I suspect the "spine-tingling" part might have to do with the Permian-Triassic extinction (90%+ of all species wiped): A rise of a few degrees in temperature led to massive release of methane which brought a total 6-degree rise, which led to total mayhem for life on Earth, and which best current explanation is:
The cause of the burp was probably global warming triggered by huge releases of CO2 from the Siberian Traps. Methane is a greenhouse gas too, so a big burp raises global temperatures even further. Normally, long-term global processes act to bring greenhouse gas levels down. This kind of negative feedback keeps the Earth in equilibrium. But what happens if the release of methane is so huge and fast that normal feedback processes are overwhelmed? Then you have a "runaway greenhouse". This is a positive feedback system: excess carbon in the atmosphere causes warming, the warming triggers the release of more methane from gas hydrates, this in turn causes yet more warming, which leads to the release of more methane and so on. As temperatures rise, species start to go extinct. Plants and plankton die off and oxygen levels plummet. This is what seems to have happened 251 million years ago.

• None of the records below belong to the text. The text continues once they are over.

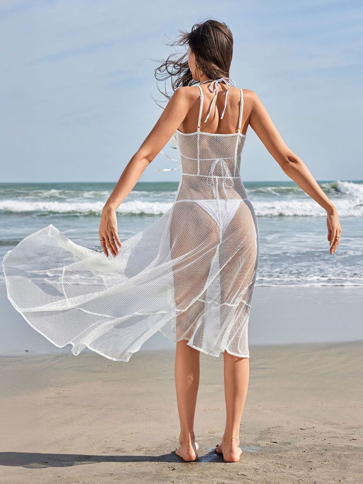 ZASUWA Female Sexy Fishnet Flower V-neck Swimwear Cover Dress Without Bikini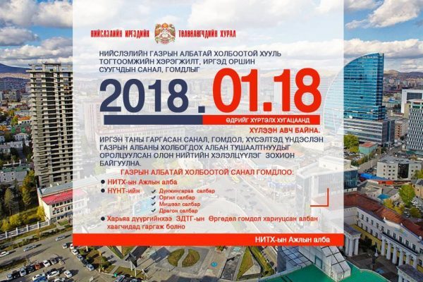 НИТХ-ын дарга С.Амарсайхан 2017 оны 12 сарын 22-ны өдөр 93 тоот захирамж гаргаж, тус захирамжид нийслэлийн иргэд оршин суугчид газрын албатай холбоотой хууль тогтоомжийн хэрэгжилт, иргэд оршин суугчдын санал гомдлыг НИТХ-ын ажлын алба болон Нийслэлийн үйлчилгээний нэгдсэн төвүүдэд 2017 оны 12 сарын 22-ны өдрөөс 2018 оны 1 сарын 18-ны өдөр хүртэл хүлээн авч эхэлсэн. Эдгээр санал гомдолд үндэслэн олон нийтийн хэлэлцүүлэгийг энэ сарын 22-ны өдөр Соёлын төв өргөөнд зохион байгуулахаар болжээ.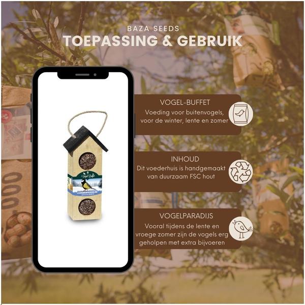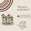 Inhoud: De Bird Chalet Mix set bevat 4 houten chalets, elk gevuld met 200 gram 4-seizoenen-voedsel, zorgvuldig samengesteld voor specifieke vogelsoorten: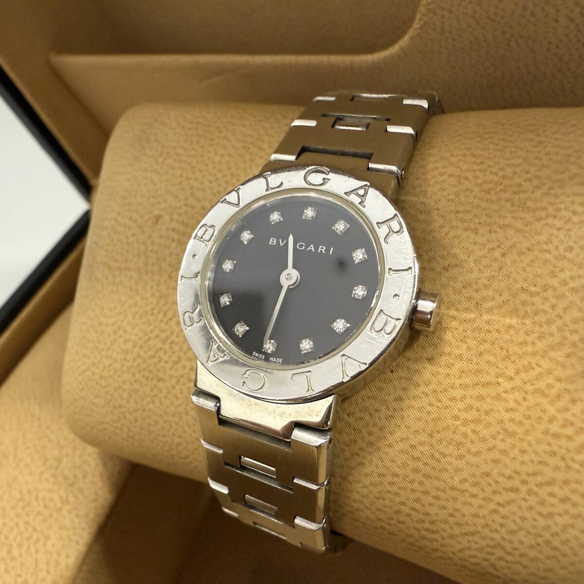 BVLGARI ブルガリブルガリ BB23SS 12Pダイヤ 黒文字盤

That sure seems an extreme scenario, easy to swipe aside because of its extreme nature. Problem is, we can't, in all intellectual honesty, really dispel it. Replacing the "Siberian Traps" with the "burning of fossil fuels" means we are currently on a path toward a future in which that scenario has a higher likelihood, whatever it is. Unfortunately, the laws of nature don't care about the personal worldview and state of mind of each of us, and no amount of sarcasm has ever been able to counteract the natural laws, the (relatively short in geological time) human historical record is clear on that.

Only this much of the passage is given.